Kiwi Indians, like other Kiwis, will be wondering what happened to the promises National made before the Budget. Remember, “No rise in GST?” “Vast majority better off?” and “Fiscally neutral?”

All these promises have now been broken. Kiwi families and businesses are beginning to wonder if they did the right thing giving National the chance to govern in 2008.

Sadly, Budget 2010 rewards only the wealthy, to the detriment of the middle class by gobbling up their “tax switch” in the highest (5.9%) inflation in decades. The changes are unfair: a third goes to the top 5% of earners and 15% to the top 1%.

A majority of Kiwis will be worse off. Inflation will wipe out the tax cuts, before they even get to the checkout counter. By the Government’s own figures, an average wage earner will be $30 a week worse-off after inflation and a person earning $70,000 will be $45 a week worse-off. This excludes increases in ACC charges, student loan levies, early childhood fees and other charges.

The projected inflation rate of 5.9% next year is important. It is based on Treasury’s projected wage and inflation track and would take average wage earners until 2014 to catch up to where they were before Budget Day. That is two elections away and no doubt there will be several service cuts.

The savage cuts to early childhood education add up to a potential $40 per child per week in affected ECE Centres, and that is just the start.

New funding for Health is way below previous years’ levels and is several hundred million short of keeping up with next year’s inflation. That will mean longer waiting lists and more frail elderly deprived of their home help.

Tertiary education funding limits mean our bright young people face restricted entry.

The Government wants state power companies to make more money; that means higher power bills for Kiwi households this winter. If you are renting, just wait for your landlord to pass on the cost of the tax changes to building depreciation.

Finance Minister Bill English was forced to admit in Parliament that the Government’s online tax calculator leaves out the full inflation factor, even though it is in the Budget documents. Inflation cannot be glibly dismissed as a “one-off spike.” Embedded into all future prices, it would erode the housekeeping money even before groceries are purchased.

The Government has also broken its promise to be “revenue neutral” on the tax package.

It is borrowing an extra $450m gross next year; $1.1 billion over four years, and $9.2 billion by 2023/24.

Reserve Bank Governor Dr Alan Bollard will have to raise interest rates, and we will all pay for that in our mortgages, rents and business loan costs.

The additional “strategic deficit” is a big black hole that the Government will later tell you they need to cover by further savage service cuts, or flogging off what is left of the family silver.

The Prime Minister says he will “never, ever sell” Kiwibank, but the Finance Minister says it could be gone in a second term. Why can’t they ever agree?

All this has occurred without a credible plan for growing jobs and incomes being put in place. There is no plan to close the critical savings gap; instead, the Government has cut KiwiSaver incentives to 2% and has kicked pre-funding superannuation out into the ‘never-never.’

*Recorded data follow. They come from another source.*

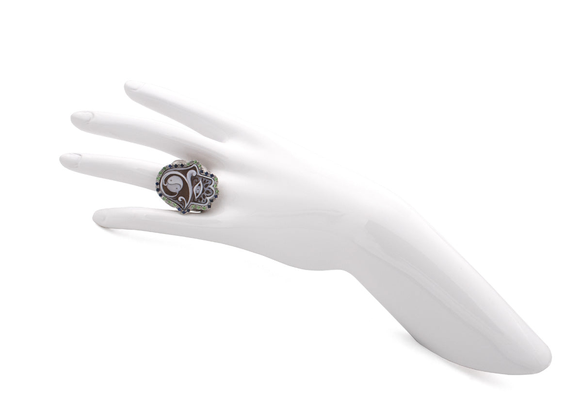 Pietre: zaffiri blu da 0,27 ct e tsavoriti da 0,27 ct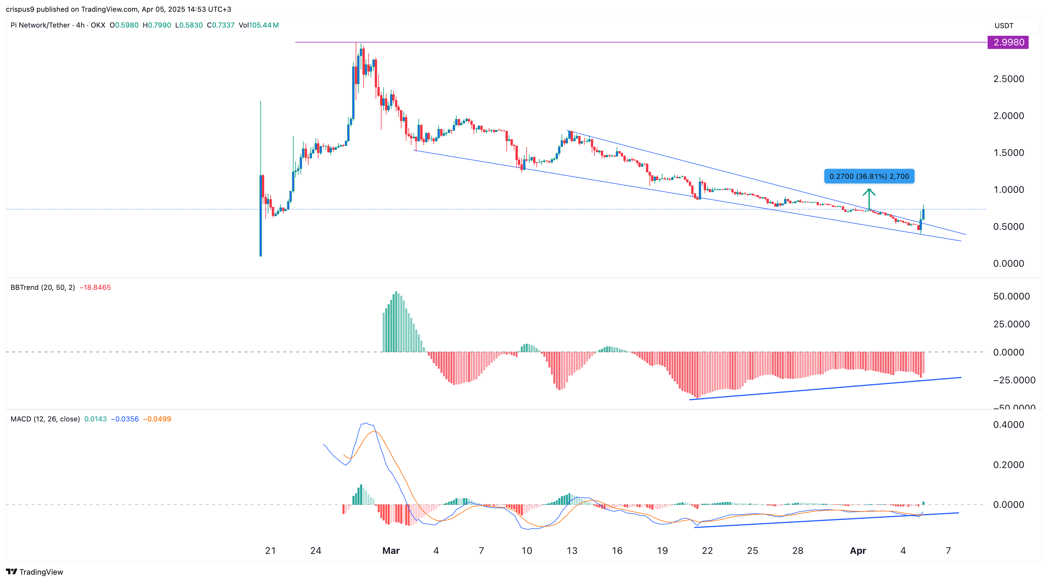 The ongoing Pi coin price recovery was due to its technicals, which crypto.news has highlighted before. The most important was a falling wedge pattern, a popular bullish reversal sign.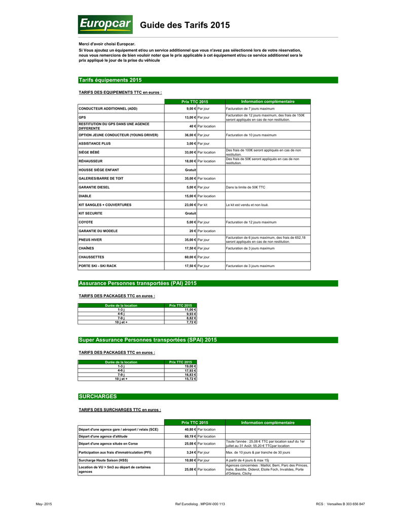 Guide des Tarifs 2015

Close to a quarter of all males under 25 are currently unemployed. It is no wonder that more dairies and liquor stores are being robbed and more taxi drivers feel at risk in their own cabs. Where is the promised nirvana under National when all crime would suddenly cease?

On the contrary, due to National’s budget cuts, there are now fewer police cars available to get police to the scene of crimes, and there is an explosion of burglary and property crime across Auckland.

There is no plan to boost innovation, skills and technology. Instead, the crucial R&D tax cuts were axed, while Australia raised its R&D rebate to 140%. The so-called R&D package in this Budget is a pale 39% of the investment Labour made but National cut on taking office.

There is no plan to close the current account deficit that even Treasury predicts will blow out from 3% to a disastrous 7-8% of GDP.

Funding for economic and regional development has also been slashed. Small business policy is a vacuum. There is no rethink on monetary policy. The Government is relying on ‘trickle down” economics to create jobs and growth. It would not even allow Hillside Workshops to bid for the new Auckland locomotive contract – shame!

The result is less than 1% of additional economic growth over the next seven years. Job growth will be less than half the number created under the last Labour Government and Treasury says only 5.7% of that is attributable to Government policy changes.

Overall, the Budget fails both tests of fairness and growing jobs and incomes.

Lower and middle-income earners are left behind while the top end reaps a windfall.

The Government is borrowing to favour its mates once again. Budget 2010 is a tax swindle and a lost opportunity it embodies a series of broken promises. From October 1, the pain will hit the average Kiwi’s wallet.

Kiwi Indians are typically hard working, upstanding and peace loving members of our community. They, like other Kiwis, just want to be able to pay the bills, work towards a better future for their kids and have a little left over at the end of the week.

A few wanted to give National the opportunity to show what it could do to deliver on its promises.

Budget 2010 was its biggest chance, and it failed.

No wonder so many in the community are deciding it is time to think again.